● Work request: Only one stretch of the data should be retyped: the lines from the line containing "ALOE VERA KING MANGO 20/16.9OZ EXP 12/2023" through the line containing "Jesse Jackson speaks". Keep pictures out of it.

● Data extracts:
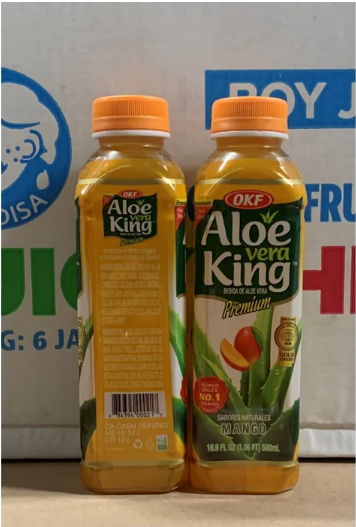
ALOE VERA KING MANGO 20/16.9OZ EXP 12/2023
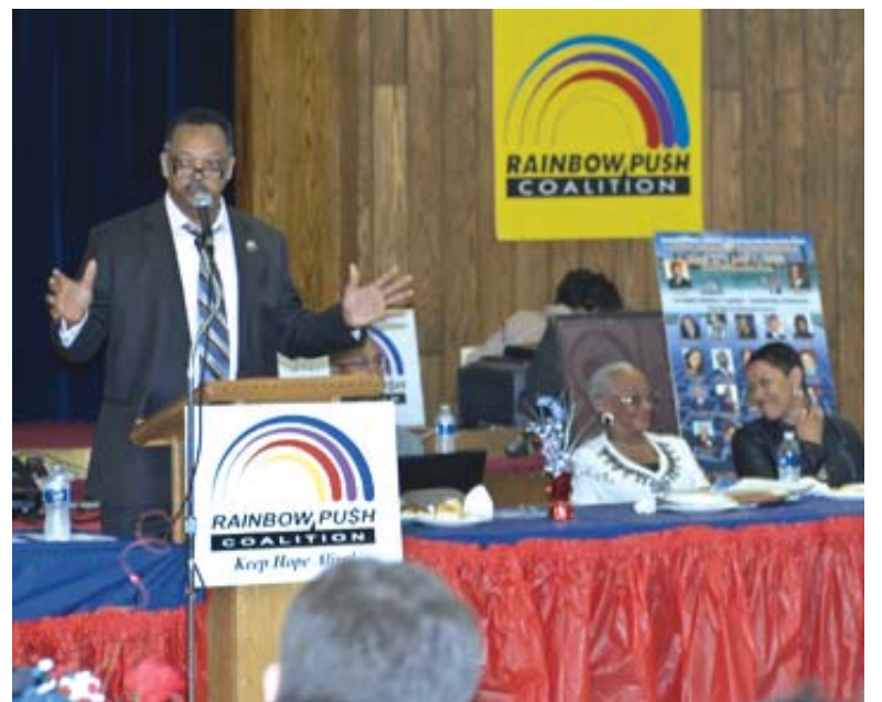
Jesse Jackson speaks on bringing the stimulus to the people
---
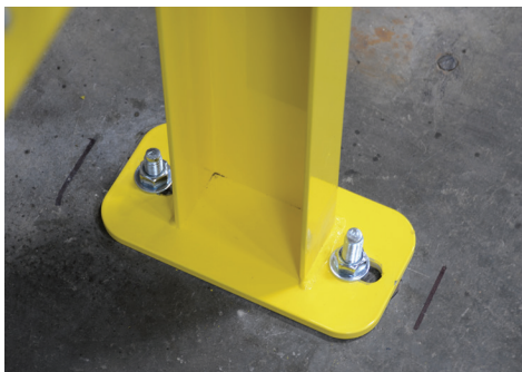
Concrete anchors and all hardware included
...
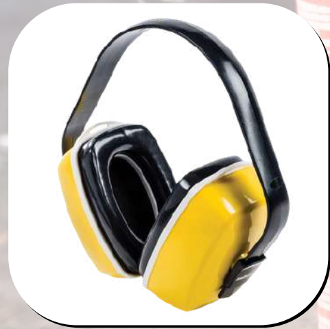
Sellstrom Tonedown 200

● Final answer:
ALOE VERA KING MANGO 20/16.9OZ EXP 12/2023
Jesse Jackson speaks on bringing the stimulus to the people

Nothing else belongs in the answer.